Ablin followed up, asking if there was anything the company could do to strengthen the community bond between the company, the University and the neighborhood.
“Every day when I ride my old mountain bike to work past the rows of nice Mercedes at Daimler, I see an opportunity rather than an inequality,” Ablin said.
Daum’s response appeared to frustrate several audience members. The question of strengthening Daimler’s relationship with the community largely went unanswered, and Daum further elaborated on his statement pertaining to the nuisance odor research.
“I am 100 percent convinced that if we would close the factory, we would send 800 people home and two weeks later, you would have the same odor in town that you had before because it wasn’t us,” Daum said.
Two members from the Neighbors for Clean Air were also able to ask questions.
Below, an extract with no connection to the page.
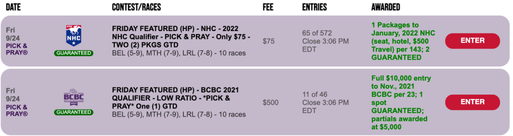 There will be a qualifier a day this weekend to the October 16th Keeneland Fall BCBC/NHC Challenge. Friday’s has an entry fee of $206 and a winning ratio of 1-per-20. Winners earn a $3,500 entry, which can be played on the 16th either on-track or at Xpressbet.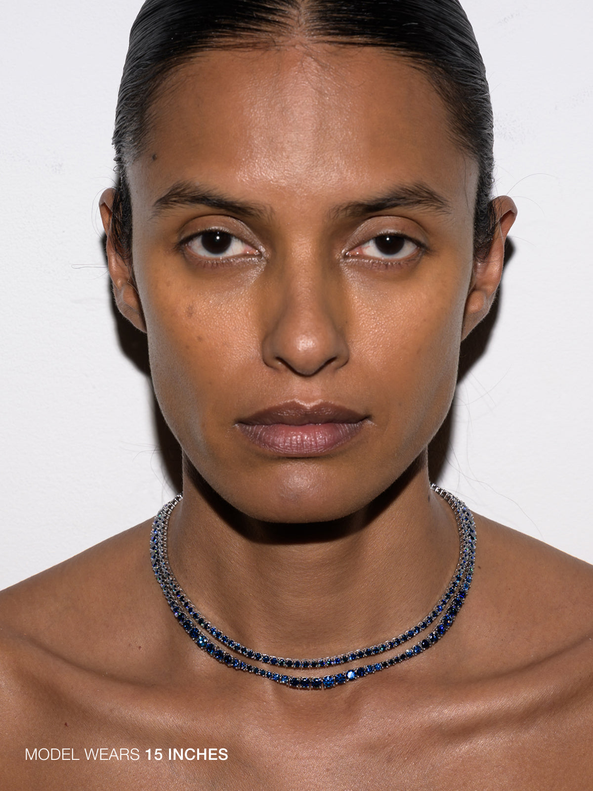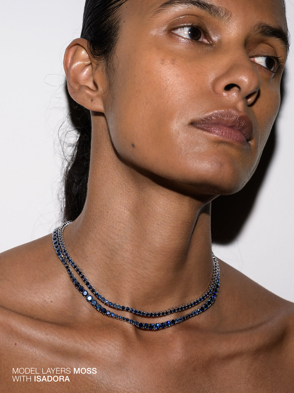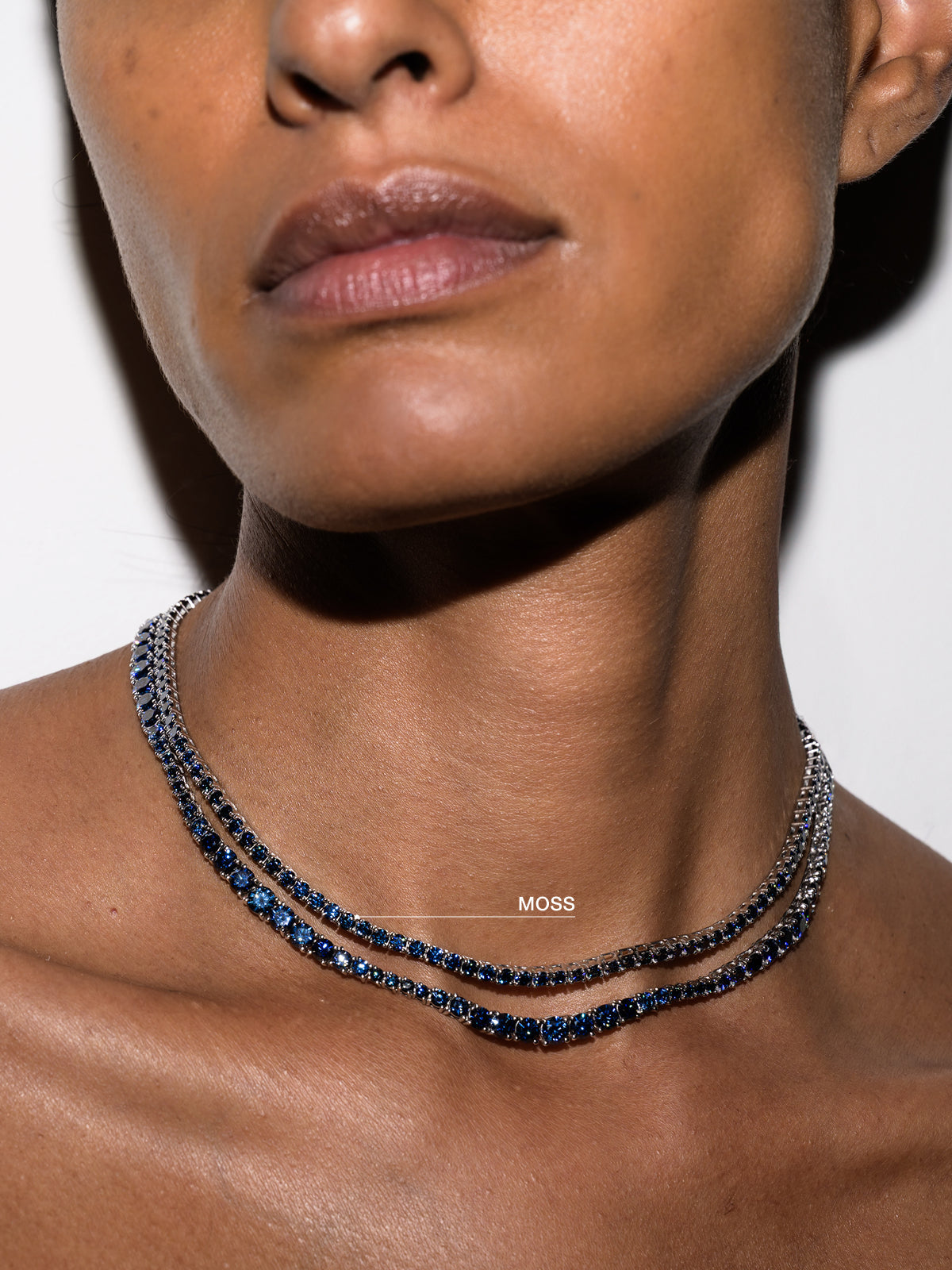 A Dorsey classic: The Moss Rivière Necklace features 3MM lab-grown slate blue moissanite gemstones, each secured in a timeless four-prong setting and finished in sterling silver. Meticulously crafted with fine-jewelry integrity, this enduring tennis necklace is designed for everyday wear and secured with a box clasp and double safety hooks for added security.

One was Poklikuha, who stressed that he has been “breathing this air for 24 years.”
“You mentioned earlier that the individual to you is more important than money,” Poklikuha said. “I’m an individual that lives as downwind from (your factory) as you can possibly get. I disagree with you that you are not the source of the smell. When Daimler is painting, my family and I have to go inside. You are one of the sources.”
Poklikuha pointed out that the Portland plant has a less advanced filtration system than Daimler plants in Germany. Daum argued that while the Portland factory — DTNA is headquartered in Portland — produces 20 trucks a day, the factory in Germany produces 600, therefore necessitates a different filtration system.
“We are never shy to talk to the neighbor, to inform, but this is the wrong forum to do so,” Daum concluded. “I am not the right person to do that. I am not the expert on day to day activity. I was not brought here tonight for a paint discussion, I was brought here to talk to you about a part of my story and I want to stop this.”
However, the discussion did not stop once the event was over. Many members of the NCA stuck around to continue the conversation with Daum.
The neighbors were eager in coming to the event, because in all their efforts to work with Daimler on improving North Portland’s air quality, they had never met Daum, who lives in Portland with his wife and two children, one of whom is a UP student.
“This is the closest we’ve come personally to Daum,” said Linda Nakashima, a member of the NCA who said she has “been trying to fight the fight” for 10 years. “I hope that he listens to us and actually takes it seriously that we really are affected up here.”
Daum became increasingly agitated as members of the NCA and Eckmann continued to ask him questions about taking Eckmann’s research, which shows different conclusions than Daimler’s internal investigation, into consideration.
“I haven’t produced a single car in my life,” Daum said in response to NCA member Adam Bartell who asked how Daum could be the CEO of Daimler, and yet claim not to be an expert on the issue of odors. “I have 220,000 people that I work with. I have stuff done by the experts of those things. So we have engineers who do nothing else, who put more resources to that tiny plant. We build more than 600 trucks every day (in Germany), we do 20 in Portland, but we put more engineering resources in Portland because we take you guys seriously.”
Daum then walked out of the auditorium without taking any further questions.
“I guess maybe Martin (Daum) had to leave,” Eckmann said. “He seemed in a hurry to get out of here. But I’m open. I want to work with them.”